**Input data**
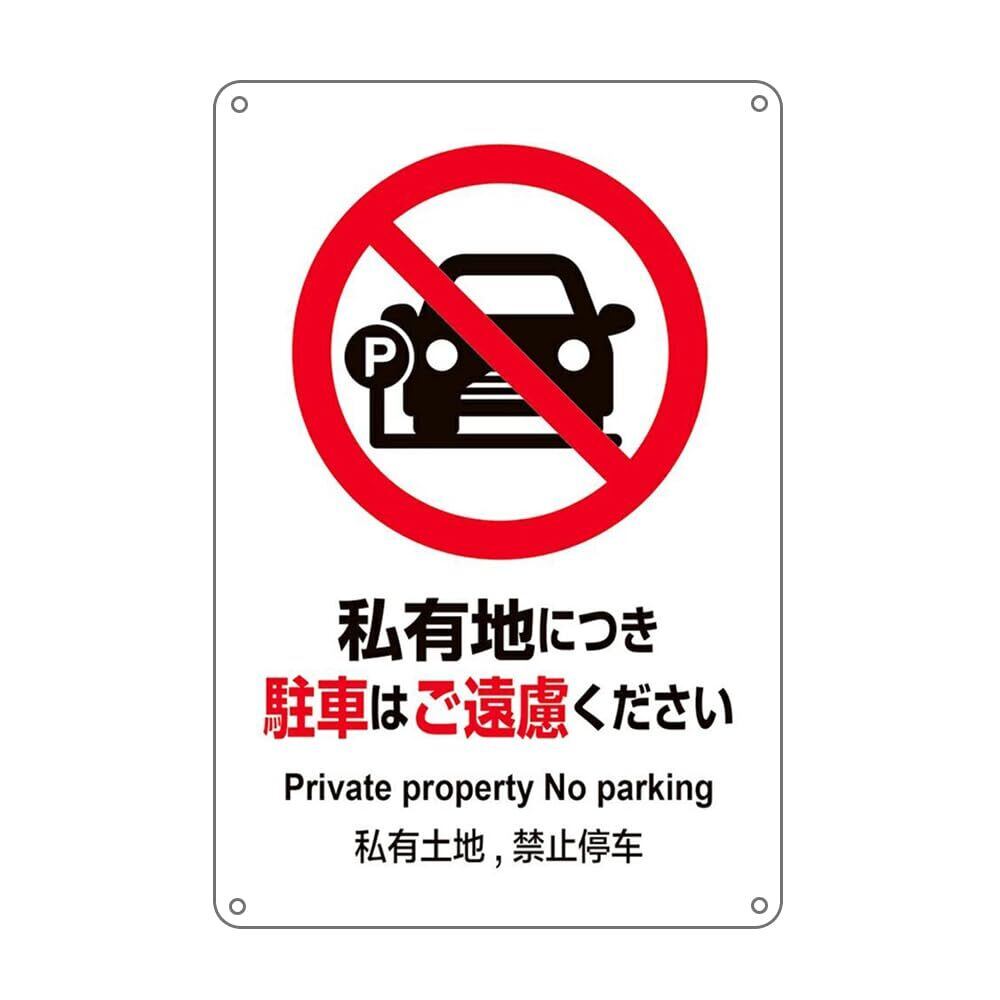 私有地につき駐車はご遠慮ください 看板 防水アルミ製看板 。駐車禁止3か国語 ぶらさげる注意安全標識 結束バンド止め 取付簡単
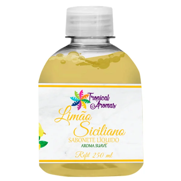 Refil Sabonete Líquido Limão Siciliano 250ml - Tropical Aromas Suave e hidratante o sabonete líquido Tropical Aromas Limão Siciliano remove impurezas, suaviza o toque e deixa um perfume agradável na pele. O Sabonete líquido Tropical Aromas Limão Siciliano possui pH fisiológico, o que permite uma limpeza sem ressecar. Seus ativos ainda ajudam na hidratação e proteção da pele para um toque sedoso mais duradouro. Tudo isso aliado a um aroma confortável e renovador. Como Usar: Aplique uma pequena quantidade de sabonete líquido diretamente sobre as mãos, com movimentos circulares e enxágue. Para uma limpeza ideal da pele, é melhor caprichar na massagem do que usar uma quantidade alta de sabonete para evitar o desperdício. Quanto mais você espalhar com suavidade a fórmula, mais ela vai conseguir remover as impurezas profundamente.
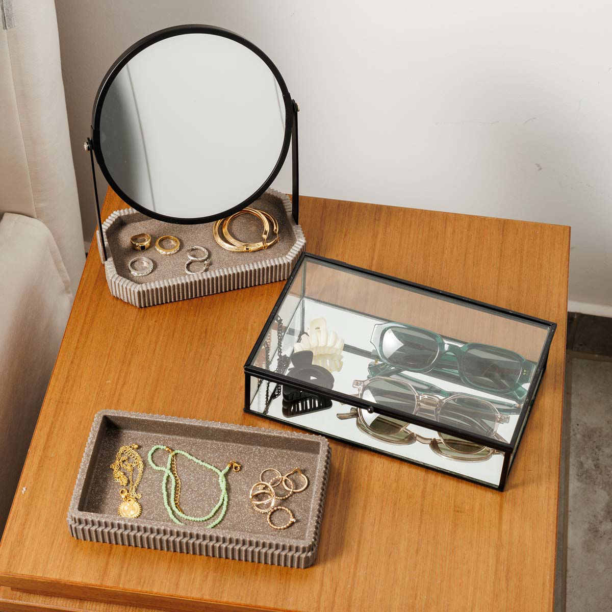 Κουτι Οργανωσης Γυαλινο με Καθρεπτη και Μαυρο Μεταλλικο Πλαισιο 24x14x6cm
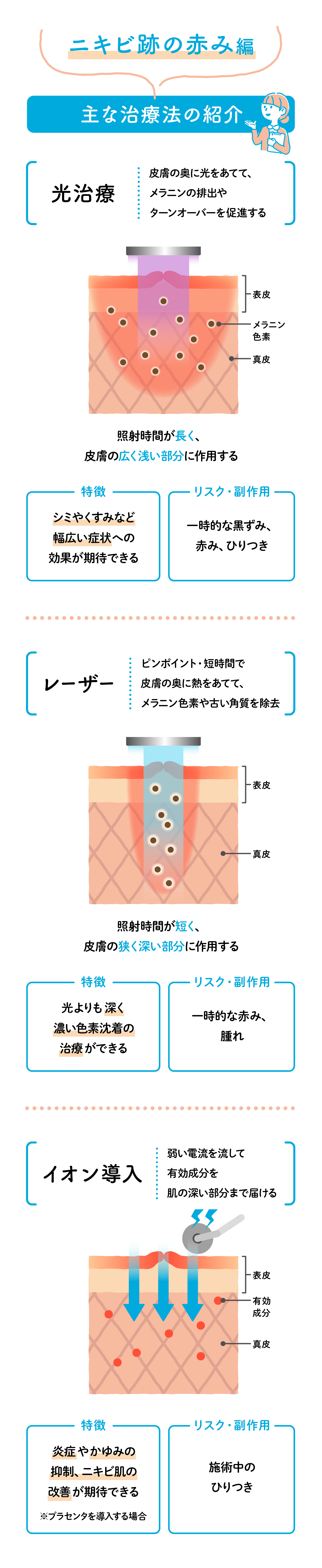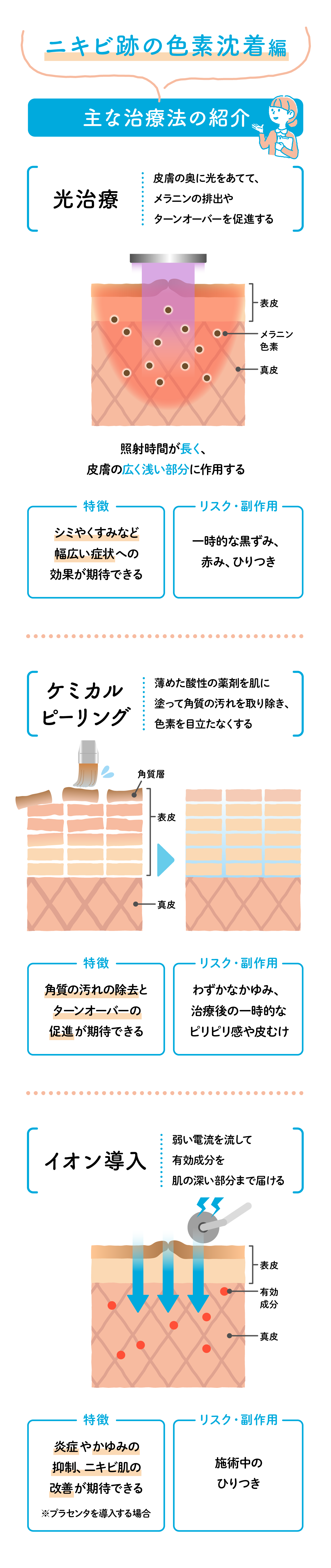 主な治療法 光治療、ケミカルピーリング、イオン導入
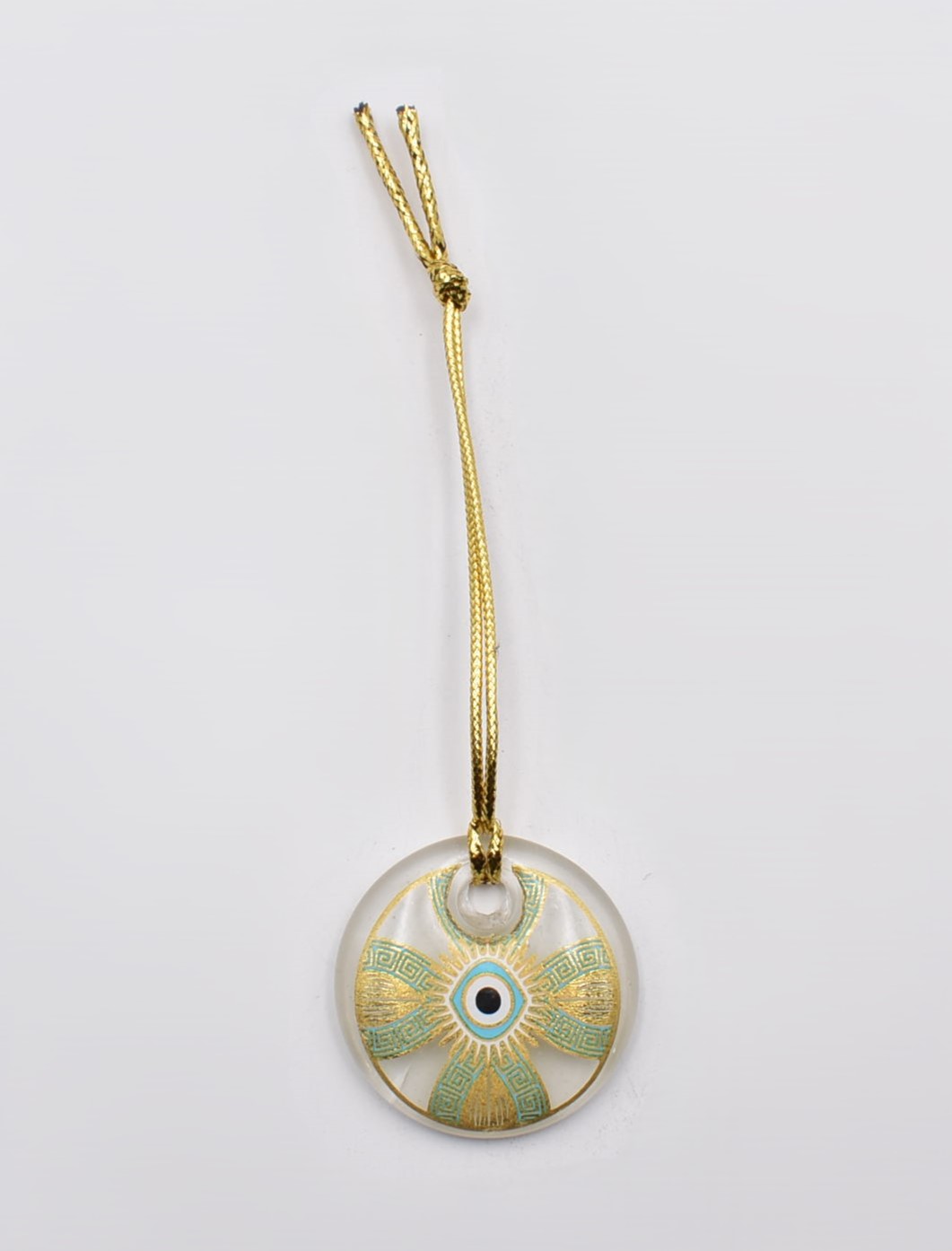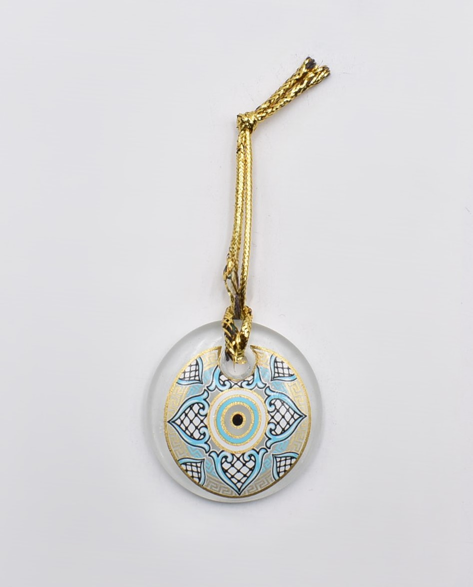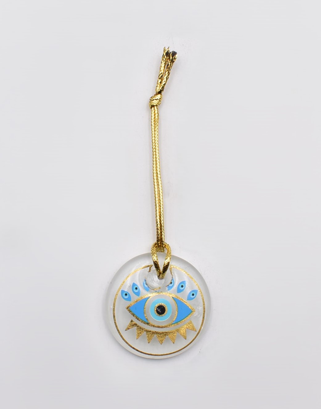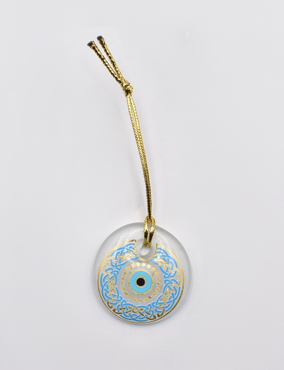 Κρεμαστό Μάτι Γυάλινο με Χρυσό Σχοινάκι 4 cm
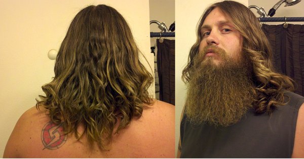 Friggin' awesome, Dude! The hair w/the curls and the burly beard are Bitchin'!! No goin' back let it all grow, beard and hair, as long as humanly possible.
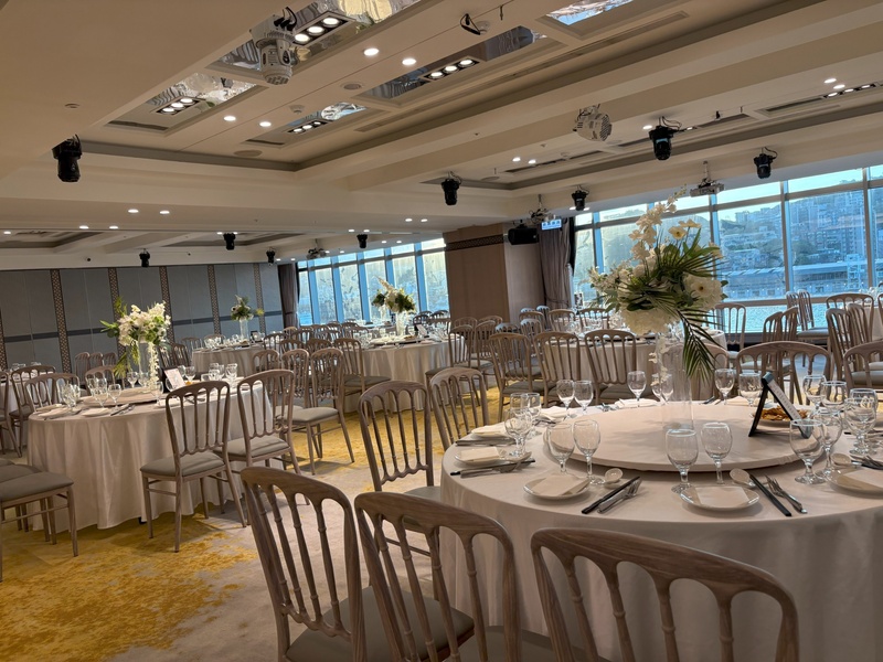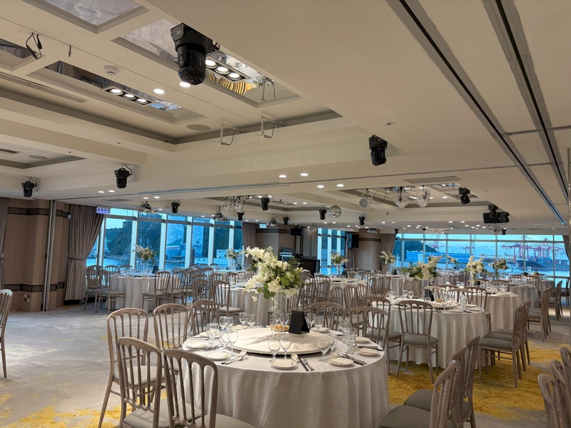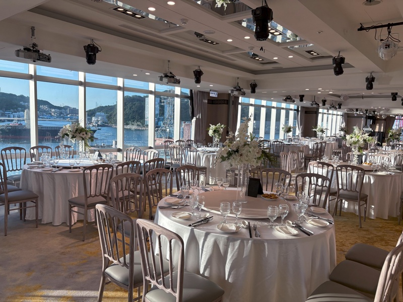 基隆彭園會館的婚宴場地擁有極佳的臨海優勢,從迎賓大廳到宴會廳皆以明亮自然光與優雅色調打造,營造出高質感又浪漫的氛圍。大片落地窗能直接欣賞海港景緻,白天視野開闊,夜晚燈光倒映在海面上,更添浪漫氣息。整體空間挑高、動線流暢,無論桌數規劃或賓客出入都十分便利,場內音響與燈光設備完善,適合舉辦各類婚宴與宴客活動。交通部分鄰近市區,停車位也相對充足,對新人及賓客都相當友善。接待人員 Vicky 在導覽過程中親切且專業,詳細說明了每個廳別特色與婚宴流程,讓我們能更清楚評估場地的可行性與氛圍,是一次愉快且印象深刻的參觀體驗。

**What is needed**
Could you repeat every record exactly as written, with the pictures left out?

**Exercise solution**
 私有地につき駐車はご遠慮ください 看板 防水アルミ製看板 。駐車禁止3か国語 ぶらさげる注意安全標識 結束バンド止め 取付簡単
 Refil Sabonete Líquido Limão Siciliano 250ml - Tropical Aromas Suave e hidratante o sabonete líquido Tropical Aromas Limão Siciliano remove impurezas, suaviza o toque e deixa um perfume agradável na pele. O Sabonete líquido Tropical Aromas Limão Siciliano possui pH fisiológico, o que permite uma limpeza sem ressecar. Seus ativos ainda ajudam na hidratação e proteção da pele para um toque sedoso mais duradouro. Tudo isso aliado a um aroma confortável e renovador. Como Usar: Aplique uma pequena quantidade de sabonete líquido diretamente sobre as mãos, com movimentos circulares e enxágue. Para uma limpeza ideal da pele, é melhor caprichar na massagem do que usar uma quantidade alta de sabonete para evitar o desperdício. Quanto mais você espalhar com suavidade a fórmula, mais ela vai conseguir remover as impurezas profundamente.
 Κουτι Οργανωσης Γυαλινο με Καθρεπτη και Μαυρο Μεταλλικο Πλαισιο 24x14x6cm
 主な治療法 光治療、ケミカルピーリング、イオン導入
 Κρεμαστό Μάτι Γυάλινο με Χρυσό Σχοινάκι 4 cm
 Friggin' awesome, Dude! The hair w/the curls and the burly beard are Bitchin'!! No goin' back let it all grow, beard and hair, as long as humanly possible.
 基隆彭園會館的婚宴場地擁有極佳的臨海優勢,從迎賓大廳到宴會廳皆以明亮自然光與優雅色調打造,營造出高質感又浪漫的氛圍。大片落地窗能直接欣賞海港景緻,白天視野開闊,夜晚燈光倒映在海面上,更添浪漫氣息。整體空間挑高、動線流暢,無論桌數規劃或賓客出入都十分便利,場內音響與燈光設備完善,適合舉辦各類婚宴與宴客活動。交通部分鄰近市區,停車位也相對充足,對新人及賓客都相當友善。接待人員 Vicky 在導覽過程中親切且專業,詳細說明了每個廳別特色與婚宴流程,讓我們能更清楚評估場地的可行性與氛圍,是一次愉快且印象深刻的參觀體驗。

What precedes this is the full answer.